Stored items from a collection
********

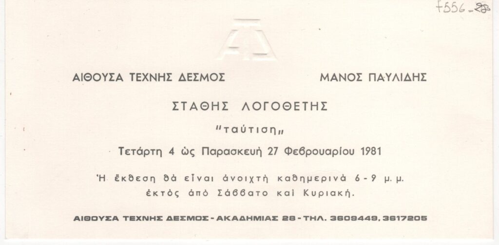 Έντυπο, στα ελληνικά, μονόφυλλο, χαρτόνι, 10,0×19,2 εκ. Πρόσκληση της έκθεσης έργων του Στάθη Λογοθέτη με τίτλο “Ταύτιση” στην Αθήνα το 1981.
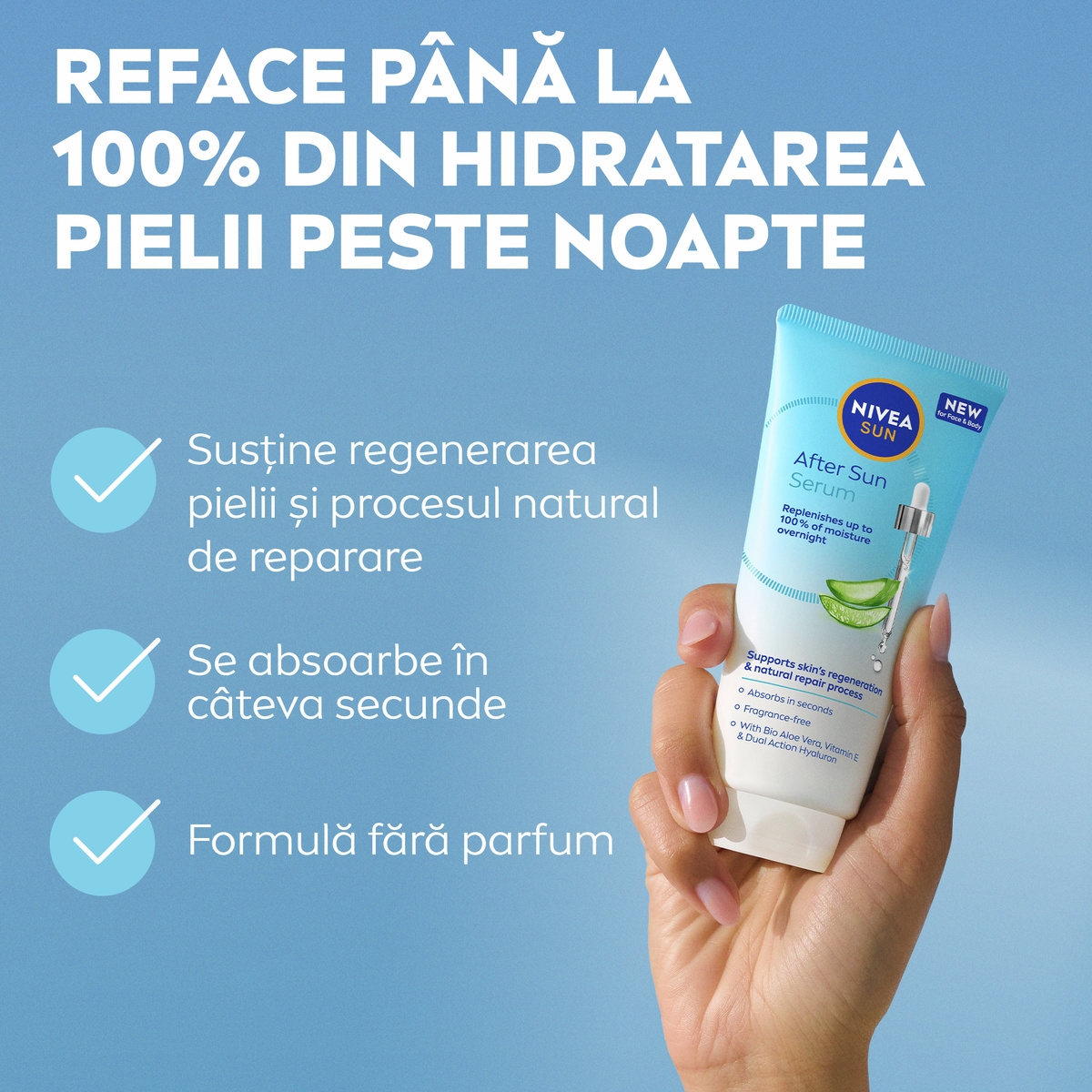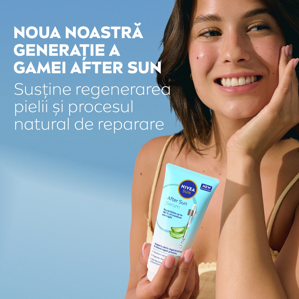 Hidratare completă pe timpul nopții, ce ajută pielea afectată de soare să se refacă și să se regenereze natural – nu conține parfum și are o textură ultra-ușoară, potrivită pentru față și corp: Serum NIVEA SUN After Sun
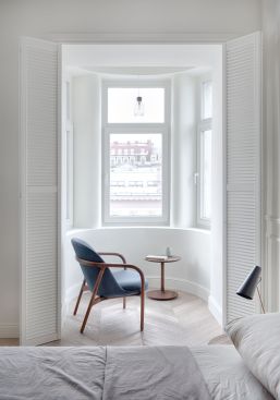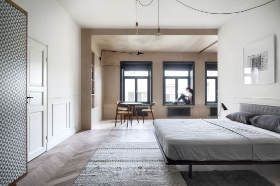 In the second bedroom division of space is done by the plywood portal. It separates the zone along the windows (breakfast area, sports equipment) from the sleeping area simultaneously letting the natural light into the room. For the isolation of the bedroom from the laundry room a sliding door is designed.
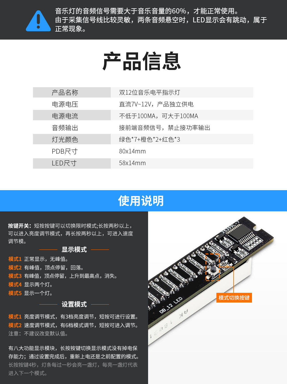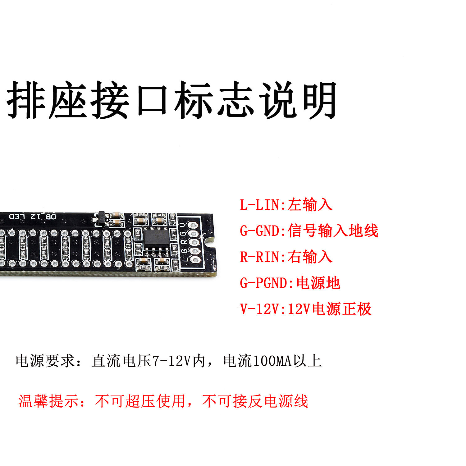 特点: 1.双12位音乐屏谱电平超小体积立体声电平灯,可自由调节灯条的上升、下降速度和峰值灯的停留时间、下降速度。每个灯单独设置一个限流电阻,既保证不同颜色灯的亮度一致,更保证在灯亮得 多的 情况下不存在灯亮暗变化的情况。信号输入经过运放隔离避免单片机高频干扰串入音频中。
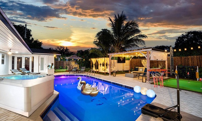 Top Villa w/Game Room Hot Tub & Htd Pool Near Beach is located in Pembroke Pines. Top Villa w/Game Room Hot Tub & Htd Pool Near Beach provides accommodation, featuring Air Conditioner, Security/Safety, Sports/Activities, among other amenities. This Villa features Air Conditioner, Security/Safety, Sports/Activities, to make your stay a comfortable one.
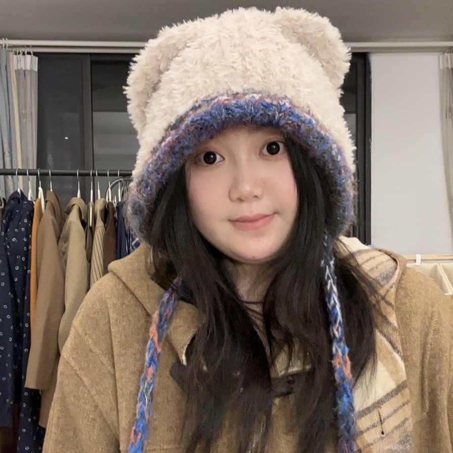 可爱帽子加绒加厚秋冬新款显脸小卡通耳朵帽子骑行帽护耳保暖帽女
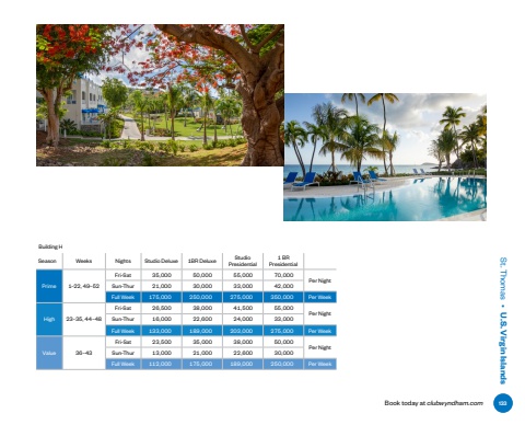 St. Thomas %u2022 U.S. Virgin IslandsSeason Weeks Nights Studio Studio Loft 1 BRPrime 52Fri-Sat 32%ufffd000 34%ufffd000 42%ufffd500Per NightSun-Thur 18%ufffd000 20%ufffd000 24%ufffd000Full Week 154%ufffd000 168%ufffd000 205%ufffd000 Per WeekHigh 1%u201317Fri-Sat 25%ufffd500 32%ufffd000 36%ufffd000Per NightSun-Thur 15%ufffd000 18%ufffd000 22%ufffd000Full Week 126%ufffd000 154%ufffd000 182%ufffd000 Per WeekValue 18%u201351Fri-Sat 22%ufffd500 25%ufffd500 34%ufffd000Per NightSun-Thur 12%ufffd000 15%ufffd000 20%ufffd000Full Week 105%ufffd000 126%ufffd000 168%ufffd000 Per WeekSeason Weeks Nights Studio Deluxe 1BR Deluxe Studio Presidential1 BR PresidentialPrime 1%u201322, 49%u201352Fri-Sat 35%ufffd000 50%ufffd000 55%ufffd000 70%ufffd000Per NightSun-Thur 21%ufffd000 30%ufffd000 33%ufffd000 42%ufffd000Full Week 175%ufffd000 250%ufffd000 275%ufffd000 350%ufffd000 Per WeekHigh 23%u201335, 44%u201348Fri-Sat 26%ufffd500 38%ufffd000 41%ufffd500 55%ufffd000Per NightSun-Thur 16%ufffd000 22%ufffd600 24%ufffd000 33%ufffd000Full Week 133%ufffd000 189%ufffd000 203%ufffd000 275%ufffd000 Per WeekValue 36%u201343Fri-Sat 23%ufffd500 35%ufffd000 38%ufffd000 50%ufffd000Per NightSun-Thur 13%ufffd000 21%ufffd000 22%ufffd600 30%ufffd000Full Week 112%ufffd000 175%ufffd000 189%ufffd000 250%ufffd000 Per WeekBuilding HBook today at clubwyndham.com 133
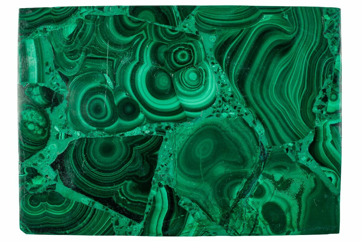 Malachite is an intense green copper-based mineral that can be found in a wide variety of forms. Malachite can grow in botryoidal masses, stalactitic formations, and reniform formations, typically as a tight cluster of fanning fibrous needles that make up a seemingly solid mass. As layers continue to stack during formation, banded patterns can sometimes begin to take shape, explaining the rings in all shades of green seen on most polished malachite specimens.
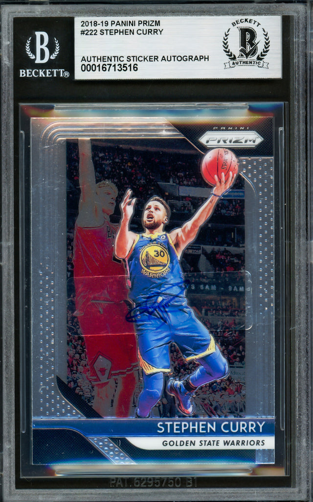 Own a piece of basketball history with this 2018-19 Panini Prizm Card #222, personally hand-signed by Stephen Curry. This rare collectible features Curry’s authenticated autograph on a sticker placed on the card, making it a must-have for Golden State Warriors fans and serious memorabilia collectors. Certified by Beckett Authentication Services (BAS), this card comes encapsulated in a tamper-proof holder, ensuring its authenticity and long-term preservation.

********

REQUIREMENT.
This calls for an exact copy of all the entries above, with the pictures omitted.

WRITTEN ANSWER.
 Έντυπο, στα ελληνικά, μονόφυλλο, χαρτόνι, 10,0×19,2 εκ. Πρόσκληση της έκθεσης έργων του Στάθη Λογοθέτη με τίτλο “Ταύτιση” στην Αθήνα το 1981.
 Hidratare completă pe timpul nopții, ce ajută pielea afectată de soare să se refacă și să se regenereze natural – nu conține parfum și are o textură ultra-ușoară, potrivită pentru față și corp: Serum NIVEA SUN After Sun
 In the second bedroom division of space is done by the plywood portal. It separates the zone along the windows (breakfast area, sports equipment) from the sleeping area simultaneously letting the natural light into the room. For the isolation of the bedroom from the laundry room a sliding door is designed.
 特点: 1.双12位音乐屏谱电平超小体积立体声电平灯,可自由调节灯条的上升、下降速度和峰值灯的停留时间、下降速度。每个灯单独设置一个限流电阻,既保证不同颜色灯的亮度一致,更保证在灯亮得 多的 情况下不存在灯亮暗变化的情况。信号输入经过运放隔离避免单片机高频干扰串入音频中。
 Top Villa w/Game Room Hot Tub & Htd Pool Near Beach is located in Pembroke Pines. Top Villa w/Game Room Hot Tub & Htd Pool Near Beach provides accommodation, featuring Air Conditioner, Security/Safety, Sports/Activities, among other amenities. This Villa features Air Conditioner, Security/Safety, Sports/Activities, to make your stay a comfortable one.
 可爱帽子加绒加厚秋冬新款显脸小卡通耳朵帽子骑行帽护耳保暖帽女
 St. Thomas %u2022 U.S. Virgin IslandsSeason Weeks Nights Studio Studio Loft 1 BRPrime 52Fri-Sat 32%ufffd000 34%ufffd000 42%ufffd500Per NightSun-Thur 18%ufffd000 20%ufffd000 24%ufffd000Full Week 154%ufffd000 168%ufffd000 205%ufffd000 Per WeekHigh 1%u201317Fri-Sat 25%ufffd500 32%ufffd000 36%ufffd000Per NightSun-Thur 15%ufffd000 18%ufffd000 22%ufffd000Full Week 126%ufffd000 154%ufffd000 182%ufffd000 Per WeekValue 18%u201351Fri-Sat 22%ufffd500 25%ufffd500 34%ufffd000Per NightSun-Thur 12%ufffd000 15%ufffd000 20%ufffd000Full Week 105%ufffd000 126%ufffd000 168%ufffd000 Per WeekSeason Weeks Nights Studio Deluxe 1BR Deluxe Studio Presidential1 BR PresidentialPrime 1%u201322, 49%u201352Fri-Sat 35%ufffd000 50%ufffd000 55%ufffd000 70%ufffd000Per NightSun-Thur 21%ufffd000 30%ufffd000 33%ufffd000 42%ufffd000Full Week 175%ufffd000 250%ufffd000 275%ufffd000 350%ufffd000 Per WeekHigh 23%u201335, 44%u201348Fri-Sat 26%ufffd500 38%ufffd000 41%ufffd500 55%ufffd000Per NightSun-Thur 16%ufffd000 22%ufffd600 24%ufffd000 33%ufffd000Full Week 133%ufffd000 189%ufffd000 203%ufffd000 275%ufffd000 Per WeekValue 36%u201343Fri-Sat 23%ufffd500 35%ufffd000 38%ufffd000 50%ufffd000Per NightSun-Thur 13%ufffd000 21%ufffd000 22%ufffd600 30%ufffd000Full Week 112%ufffd000 175%ufffd000 189%ufffd000 250%ufffd000 Per WeekBuilding HBook today at clubwyndham.com 133
 Malachite is an intense green copper-based mineral that can be found in a wide variety of forms. Malachite can grow in botryoidal masses, stalactitic formations, and reniform formations, typically as a tight cluster of fanning fibrous needles that make up a seemingly solid mass. As layers continue to stack during formation, banded patterns can sometimes begin to take shape, explaining the rings in all shades of green seen on most polished malachite specimens.
 Own a piece of basketball history with this 2018-19 Panini Prizm Card #222, personally hand-signed by Stephen Curry. This rare collectible features Curry’s authenticated autograph on a sticker placed on the card, making it a must-have for Golden State Warriors fans and serious memorabilia collectors. Certified by Beckett Authentication Services (BAS), this card comes encapsulated in a tamper-proof holder, ensuring its authenticity and long-term preservation.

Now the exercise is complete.